Customize Your 1.67 or 1.74 High Index Lenses into Sunglasses

High index lenses are thin, lightweight, and compatible with a variety of attractive and stylish frames. That’s all well and good but what about outdoor use? Are there high index sunglasses? Two possible options are wearing a pair of flat sunglasses over the prescription glasses, or using clip-ons. Apart from the clunkiness and less than stylish appearance of wearing two pairs of glasses, there’s the problem of carrying around the sunglasses. It’s an extra complication, which means that sometimes you won’t have them when needed, you can lose them, and all the handling increases the risk of scratching or damaging them.

On the other hand, clip-ons are easier to carry around, and look better. But again, it’s one more thing you’ll have to carry around, which introduces the same inconveniences of using a pair of flat sunglasses. Another problem is their repeated clipping and removal makes it likely they’ll eventually break. However, you can customize your 1.67 or 1.74 high index eyewear into sunglasses by choosing the right options. In addition, it isn’t necessary to customize a separate pair of glasses just for outdoor use. This will be explained later.

The Requirements for Sunglasses

Sunglasses should do three things. They should reduce sunlight intensity, glare, and block out all UV light. All of these are important. Intense sunlight causes squinting, which is uncomfortable and causes eyestrain, fatigue, and possibly headaches. Glare causes the same problems, and also interferes with clear vision. Our eyes can’t process the extreme contrast produced by glare from reflections off shiny objects or from the sun when it’s low in the sky.

Blocking out UV has nothing to do with comfort because you can’t see or feel it, although you will feel its aftereffects in the case of sun blindness. However, this requires extreme UV exposure. For moderate exposure levels, the problem is cumulative eye damage that may cause serious vision problems later in life. Fortunately, most high-index plastics naturally block out all UV light. However, you should always verify this before your purchase.

Frame Choice

A functional pair of sunglasses limit your frame choice somewhat. Namely, you can’t use a frame style that accommodates very small lenses. If you like glasses with small lenses, there is little point trying to customize them into functional sunglasses. The reason is too much UV light will reach your eyes from bypassing the lenses entirely. Select a frame that accommodates the largest high index lens possible. The frame should also fit closely. These two requirements will prevent UV light from “leaking in” through the sides.

Sunlight Intensity and Glare

Although polarized lenses do a good job of eliminating glare, they aren’t versatile. They can distort your view of some digital displays and they cut down light intensity. Less light transmission makes them less useful indoors and dangerous at night. They are meant for use in outdoor daylight.

Unless you intend to have two separate high index glasses for indoor/night and outdoor/day use, applying a transition tint on a single pair of glasses is a better option. Transition tints respond to bright sunlight by darkening into sunglasses, but become clear when you’re indoors and at night.
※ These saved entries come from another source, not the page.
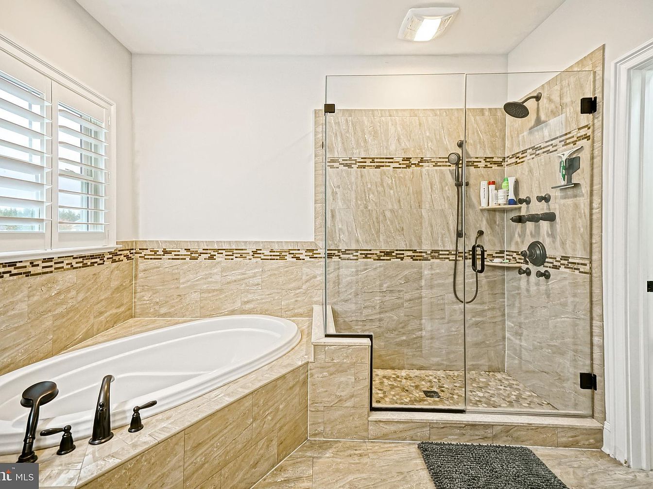 This modern bathroom features a luxurious layout with a spacious freestanding tub adjacent to a glass-enclosed shower. The tub is elegantly designed with a curved edge and sleek black faucet, enhancing the contemporary feel. Textured tiles in neutral beige tones cover the walls and floor, with a decorative mosaic band adding visual interest between the tub and shower area. Natural light filters in through plantation shutters, brightening the space. The shower includes a dual showerhead setup and minimalist built-in shelving. A plush gray mat lies on the floor, adding comfort and warmth to the overall aesthetic.
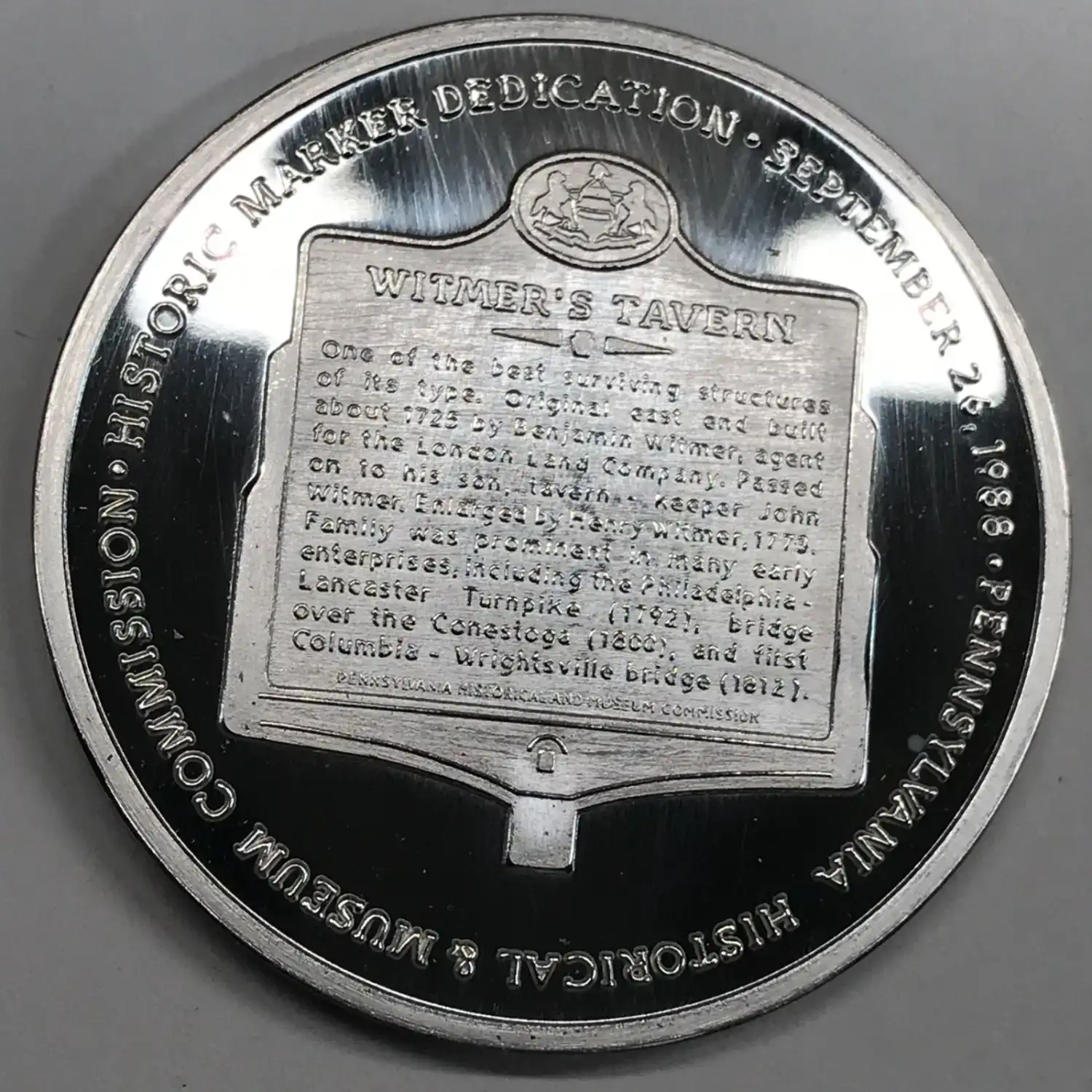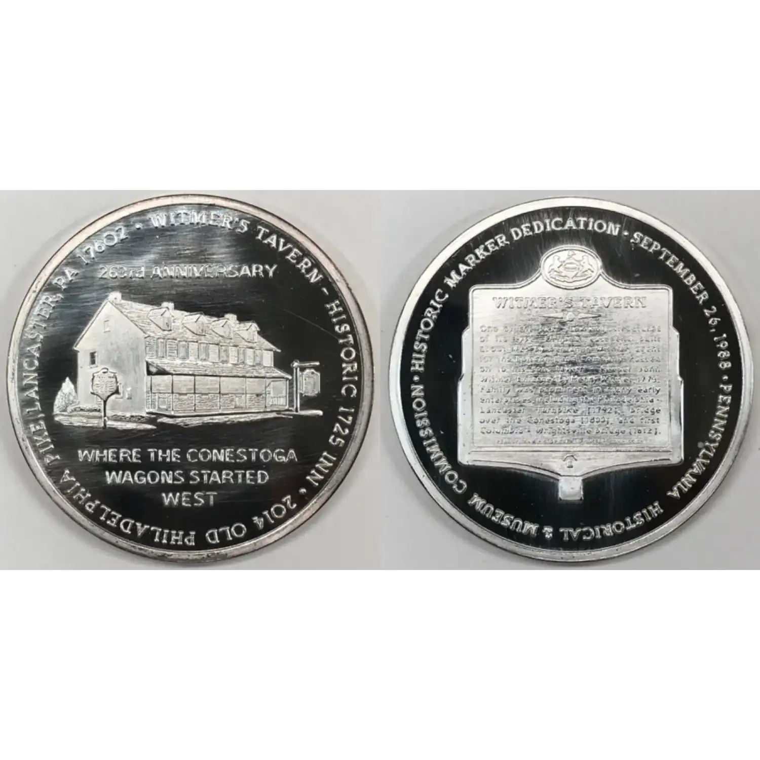 2014 Historic Witmer's Tavern 263rd Ann. Pike, Lancaster, PA 1 oz Silver Round
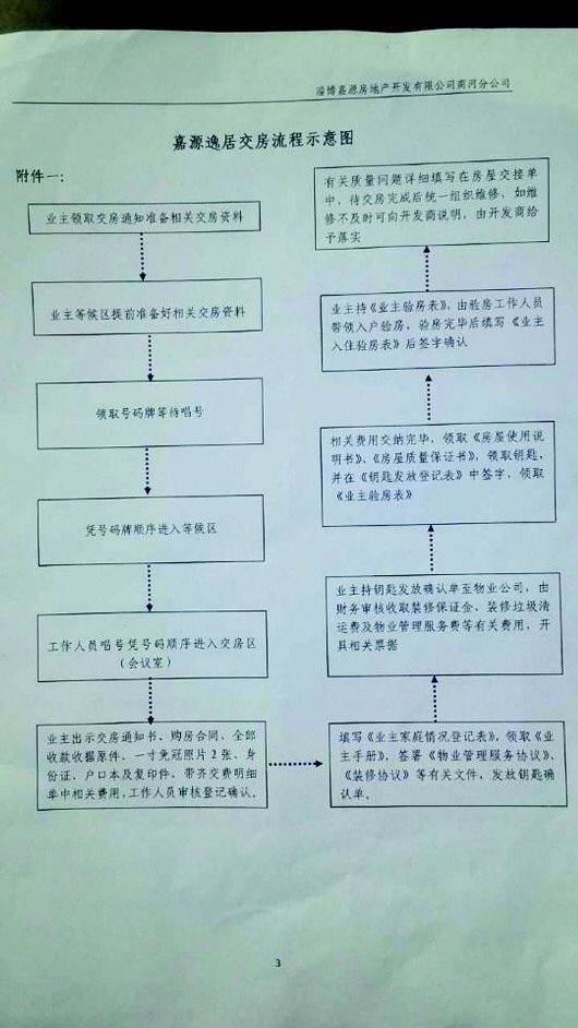3月26日,本报以《本该入住的新房,土堆堵住单元口》为题对嘉源逸居小区八栋楼延期交房三个月的情况进行了报道。报道后,嘉源逸居小区开发商4月1日通知延期交房的四栋楼的业主于4月2日交房。然而让业主感到不解的是,开发商在交房之前,让业主交了3个月的物业费和500元的装修押金,并规定只有交钱才能交房,然而交了钱的业主却发现,新房里竟连水电都没有。
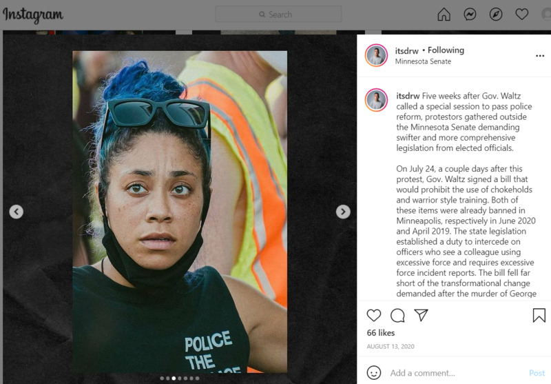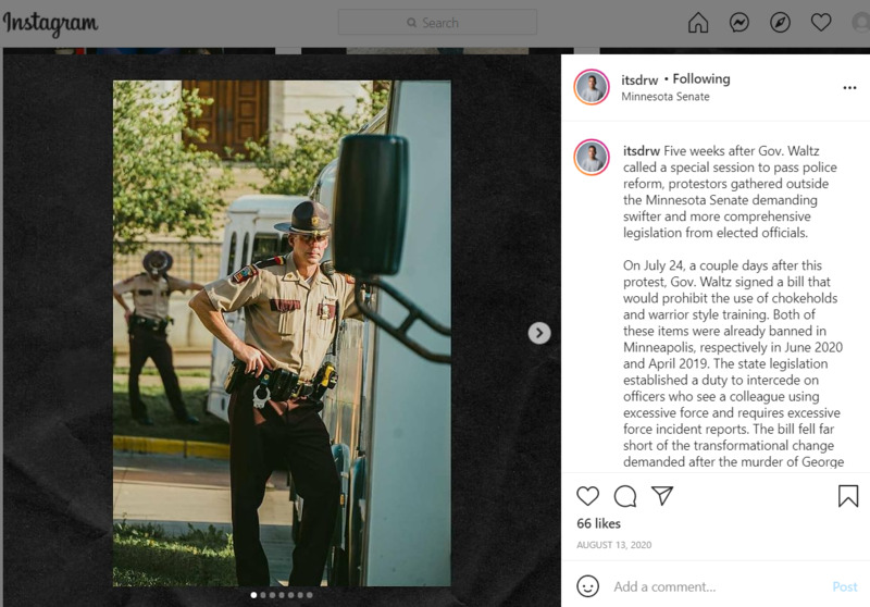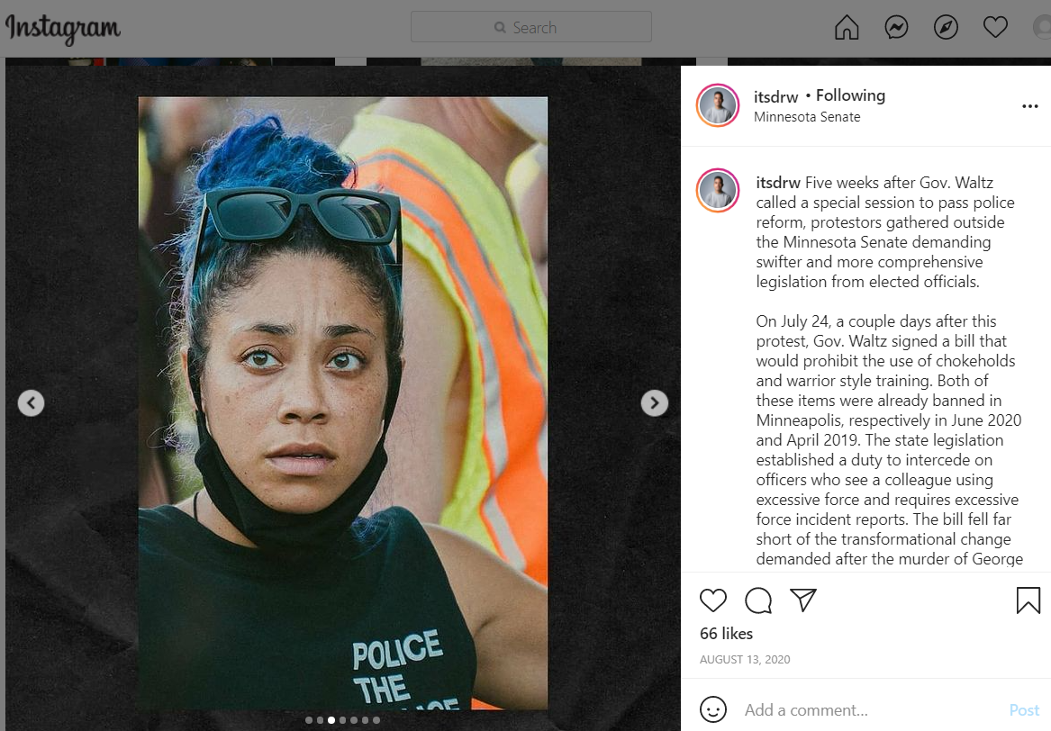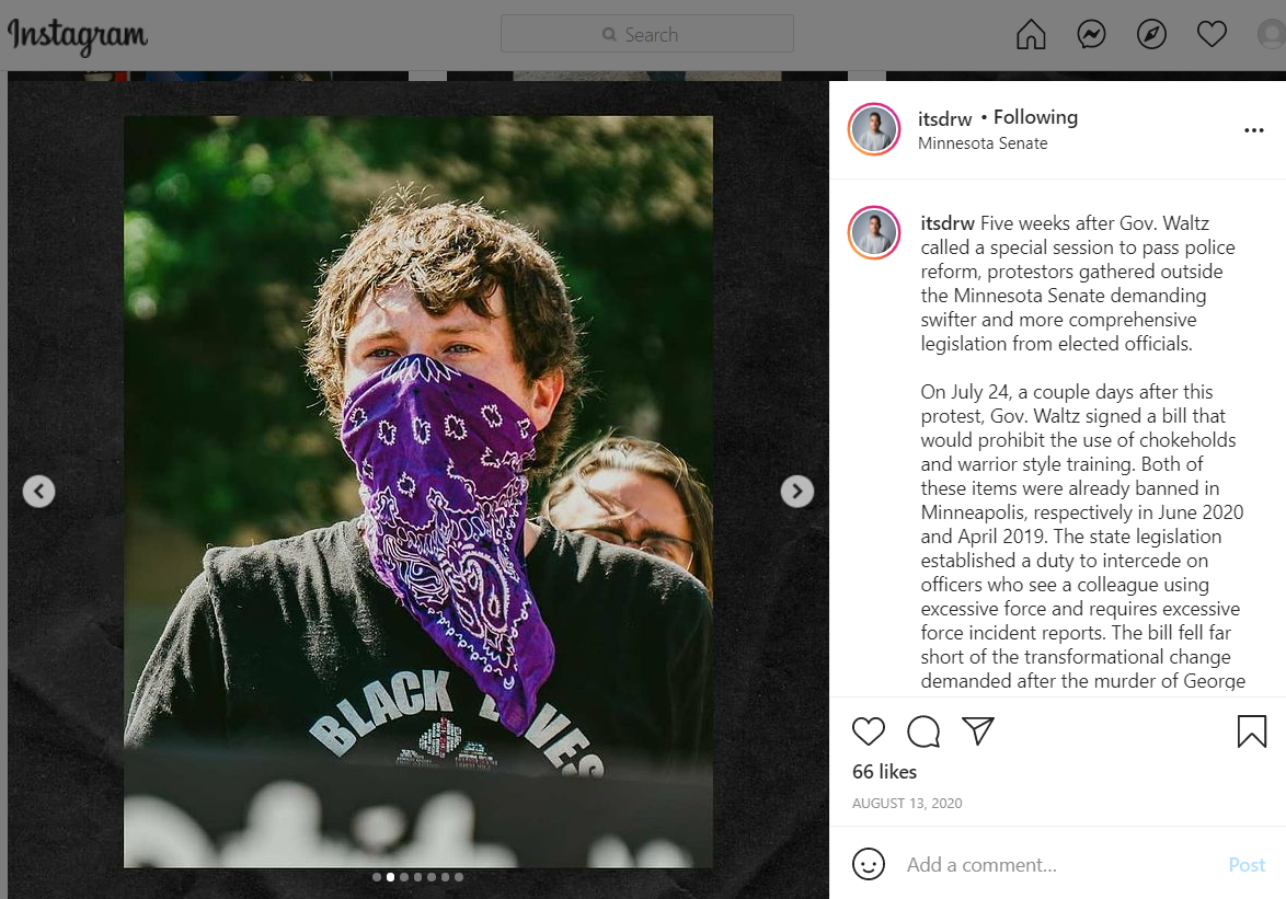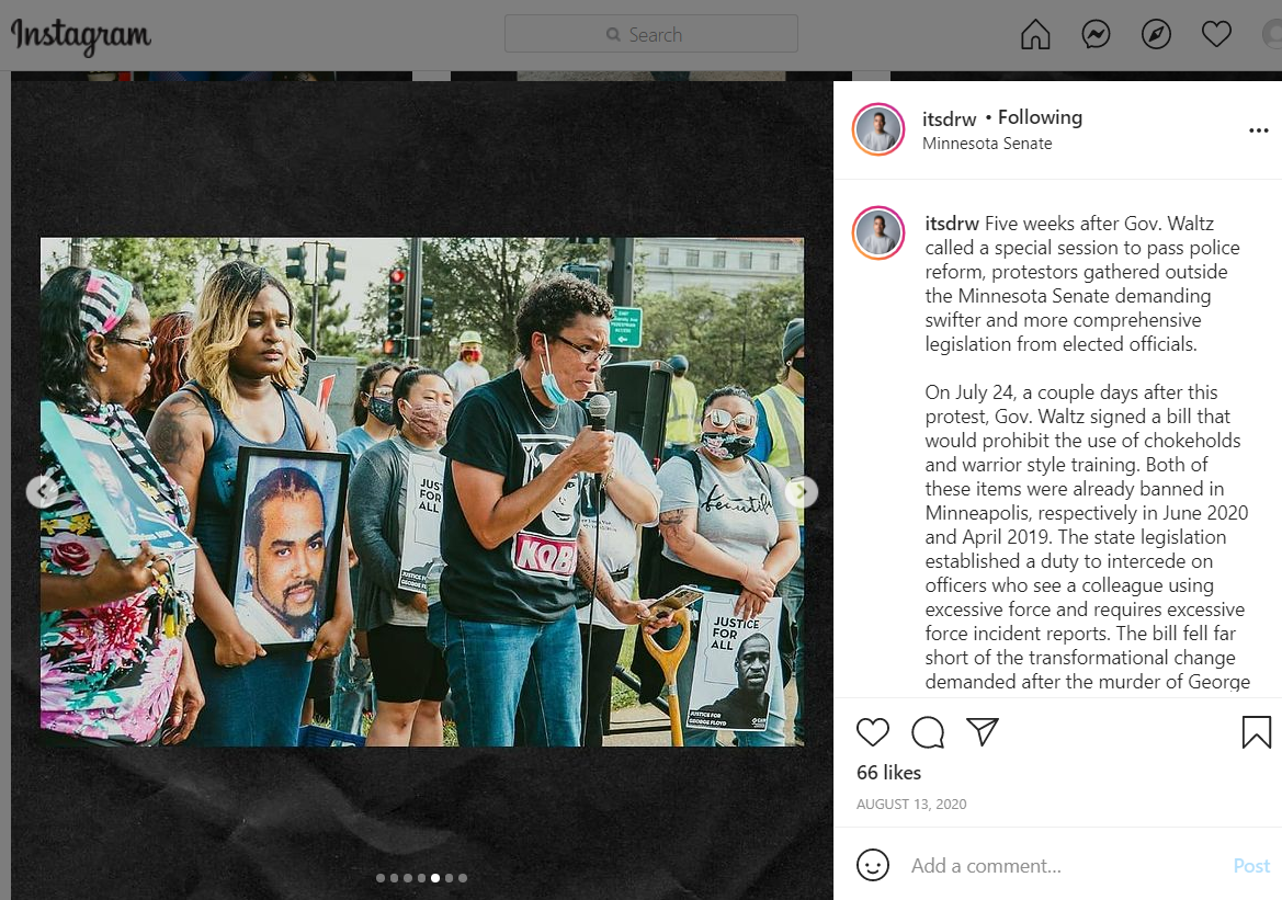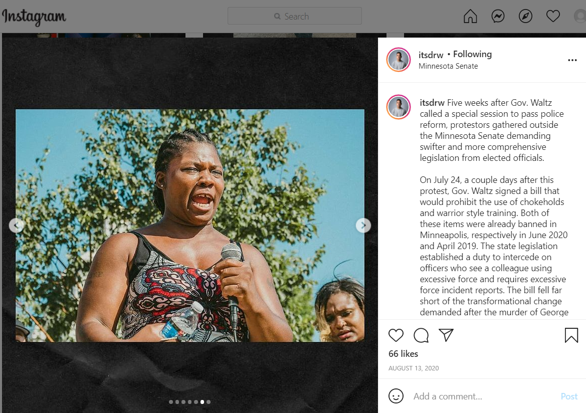 On July 24, a couple days after this protest, Gov. Waltz signed a bill that would prohibit the use of chokeholds and warrior style training. Both of these items were already banned in Minneapolis, respectively in June 2020 and April 2019. The state legislation established a duty to intercede on officers who see a colleague using excessive force and requires excessive force incident reports. The bill fell far short of the transformational change demanded after the murder of George Floyd and represented 'low-hanging fruit' for reform policies.
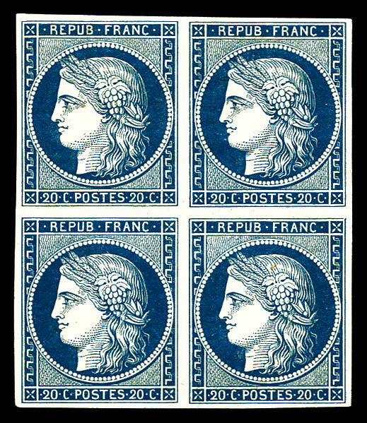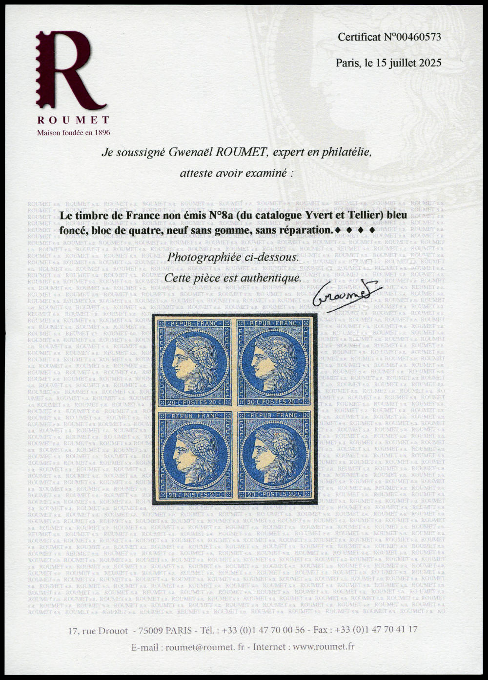 N°8a, Non émis, 20c bleu foncé en bloc de quatre. PIECE RARE et SUPERBE (signé Calves/certificats) Qualité: * Cote: 25000 euros (Image) (imagea)
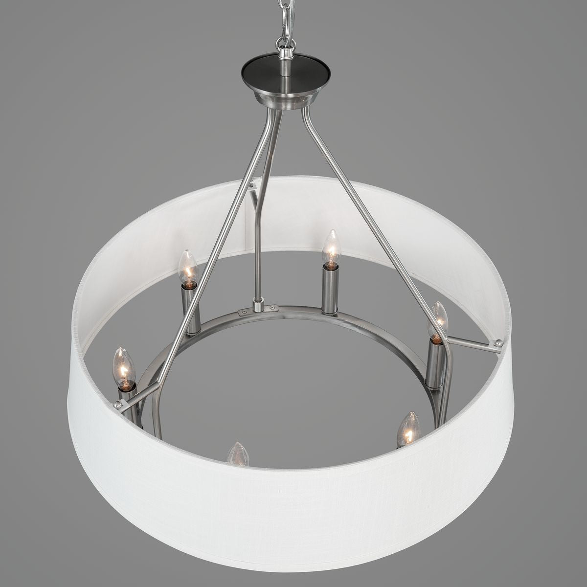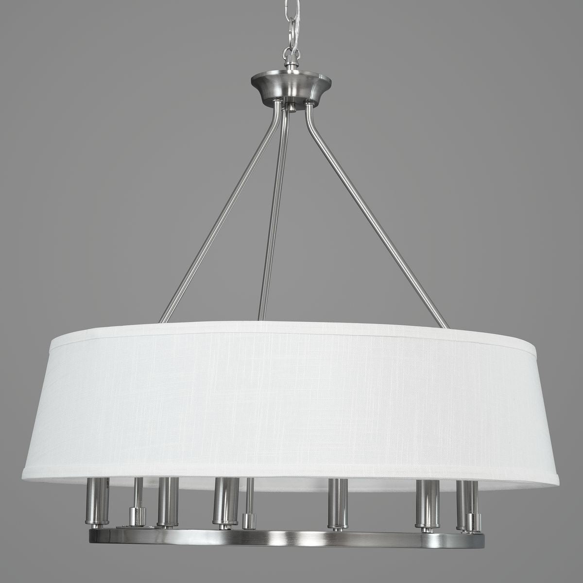 The Cherish Chandelier is more than a light fixture; it's a statement piece that transforms any room into a haven of style and warmth. With its pristine white linen shade and the lustrous brushed nickel frame, it exudes a refined modern charm that's both sophisticated and welcoming. Imagine this chandelier gracing your dining area, where it casts a soft, ambient glow over curated dinners or intimate gatherings. Pair it with natural woods and silken textiles to create an atmosphere that whispers luxury, an essential fixture for those who appreciate the delicate balance of form and function in a home.

Transition tints can take a few minutes to adjust either way, and are activated by UV light. If your car’s windshield blocks UV, then the tint won’t darken. However, an inexpensive clip-on kept in the glove compartment is a good work-around for this problem. Transition gray and transition brown tints are available for 1.67 and 1.74 high index lenses. Gray tint allows true color perception, while brown increases contrast. Transition tints also block out all UV light.

Summary

By avoiding small lens sizes and adding a transition tint to your high index lenses, you will effectively have a pair of eyeglasses that turn into sunglasses outdoors but remain useful indoors and at night. The transition tint eliminates the light intensity, glare, and UV problems. The largish lens size and the high index lens material, also block UV.